LOL I love that idea! :> Vonder if my husband would go for it? LOL


----------



## Spooklights (Jul 4, 2006)

Dark Fanged Bat Lady said:


> LOL I love that idea! :> Vonder if my husband would go for it? LOL


I like it too. Hubby claims he already has arrangements made with the Disney folks to do what's needed.


----------



## Lazario (Jul 31, 2006)

Every woman and man who ever met it, wanted to be it.


----------



## palerider44magg (Jul 11, 2006)

here lies 
harry moore
6 shots from 
a 44
no less 
no moore


----------



## palerider44magg (Jul 11, 2006)

just remember 
its not the cough 
that carries 
you off
its the coffin 
they carries you off in


----------



## palerider44magg (Jul 11, 2006)

in the future all head sones well just say
............deleted..................


----------



## DeathTouch (Sep 6, 2005)

I just found a place that has talking tombstones. Now that is cool. I could record my voice now and when I pass on, you can hear my tombstone say when they pass by; "Greetings Kmart shopping. Welcome to my tombstone. Please pull up a seat and chat with me a while. I have nothing good to say, because I am dead. But, please have a seat and drink a beer for me. This is not a recording."


----------



## BloodyRose (Jul 10, 2006)

Mine will say...

Shhh I'm SLEEPING!


----------



## Dr Morbius (Sep 21, 2004)

I would record: "HELP!! Get me the **** OUTTA HERE! I can't BREATH!!!! Oh, GOD IT'S DARK down here!..HELP!!!!" In between and in the background would be thumping sounds and scratches on the casket lid.


----------



## Spooklights (Jul 4, 2006)

Dr Morbius said:


> I would record: "HELP!! Get me the **** OUTTA HERE! I can't BREATH!!!! Oh, GOD IT'S DARK down here!..HELP!!!!" In between and in the background would be thumping sounds and scratches on the casket lid.
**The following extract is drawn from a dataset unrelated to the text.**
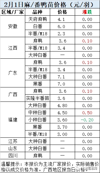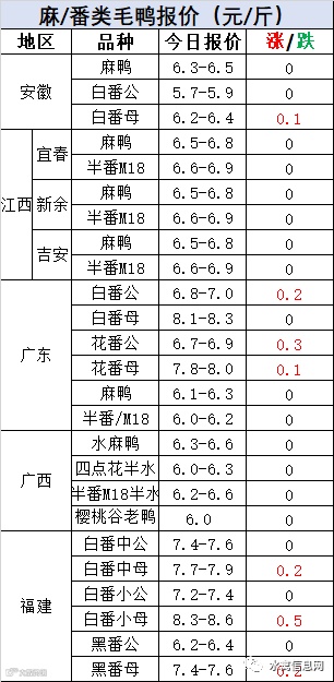 明日:麻鸭报价上涨0.1元/羽、半番苗报价稳定。

Not sure about having it for a headstone, but it sounds like a great idea for a prop!


----------



## Dr Morbius (Sep 21, 2004)

Hmmm, now that you mention it, it would be a simple yet effective prop! I think I will do just that...Place a speaker/amp under a fake grave mound with head stone..thanks spooklights! I wonder if someone would call the cops! LOL!


----------



## Spooklights (Jul 4, 2006)

It would be even more fun if they did- Maybe you'd even get your haunt on the news! Then you could put "Famous Haunt Owner" on your tombstone.


----------



## BloodyRose (Jul 10, 2006)

Dr Morbius said:


> Hmmm, now that you mention it, it would be a simple yet effective prop! I think I will do just that...Place a speaker/amp under a fake grave mound with head stone..thanks spooklights! I wonder if someone would call the cops! LOL!


that would be funny stuff.

*cracks whip* get to work MR.!


----------



## claymud (Aug 21, 2005)

Since my parents seem dead set against me getting stuffed... go figure... I think it might say somthing like... thats is, your ass is haunted!


----------